The mission of the U.S. Securities and Exchange Commission is to protect investors, maintain fair, orderly, and efficient markets, and facilitate capital formation.

The following information is available on the SEC website.

Investor Information - The SEC's Office of Investor Education and Assistance provides a variety of services to address the problems and questions you may face as an investor. We cannot tell you what investments to make, but we can tell you how to invest wisely and avoid fraud.

For Seniors - Whether you are nearing or already enjoying retirement, it pays to stay on top of your finances. Nearly one-third of all U.S. investors are between 50 and 64 years of age, and approximately 5 million senior citizens succumb to financial abuse each year.

Check out Brokers and Advisors - Federal or state securities laws require brokers, investment advisers, and their firms to be licensed or registered, and to make important information public. But it's up to you to find that information and use it to protect your investment dollars. The good news is that this information is easy to get, and one phone call or web search may save you from sending your money to a con artist, a bad financial professional, or disreputable firm.

Hedge Funds - Like mutual funds, hedge funds pool investors' money and invest those funds in financial instruments in an effort to make a positive return.

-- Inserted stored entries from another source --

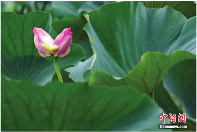7月9日,江苏南京,玄武湖一株并蒂莲含苞待放。并蒂莲属荷花中的千瓣莲类,即一枝荷花双萼并蒂,是植物种类中难得一见的“双胞胎”,以其独特的造型和美好的寓意受到民众喜爱。中新网 图
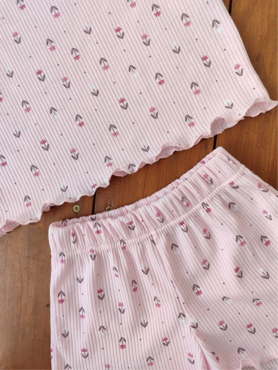 Пижама Пружинка топ с шортами 33069 розовые цветы - розовые цветы
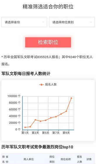 “往年报名数据”模块在2021年选岗期间,可以变身选岗利器,及时更新的2021年各岗位报名人数,能够帮助文职考生科学选岗,避免扎堆!

Many hedge funds seek to profit in all kinds of markets by pursuing leveraging and other speculative investment practices that may increase the risk of investment loss.

Financial Planners - A financial planner typically prepares financial plans for his or her clients. The kinds of services financial planners offer can vary widely. Some planners assess every aspect of your financial life including saving, investments, insurance, taxes, retirement, and estate planning and help you develop a detailed strategy or financial plan for meeting all your financial goals. Other professionals call themselves financial planners, but they may only be able to recommend that you invest in a narrow range of products and sometimes products that aren't securities.

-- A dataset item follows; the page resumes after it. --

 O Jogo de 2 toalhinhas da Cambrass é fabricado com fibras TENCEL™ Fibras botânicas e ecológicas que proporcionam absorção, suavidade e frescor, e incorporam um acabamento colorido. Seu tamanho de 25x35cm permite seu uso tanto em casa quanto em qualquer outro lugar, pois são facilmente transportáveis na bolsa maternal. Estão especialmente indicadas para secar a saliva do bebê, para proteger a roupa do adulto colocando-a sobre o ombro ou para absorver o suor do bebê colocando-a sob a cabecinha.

Investment Advisors - The SEC receives many questions about investment advisers what they are and how to go about choosing one. This document answers some of the typical questions we receive from investors about investment advisers. This Q&A is for the benefit of investors. You should not rely upon it to determine if you need to register as an investment adviser.

Accredited Investors - Under the Securities Act of 1933, a company that offers or sells its securities must register the securities with the SEC or find an exemption from the registration requirements. The Act provides companies with a number of exemptions.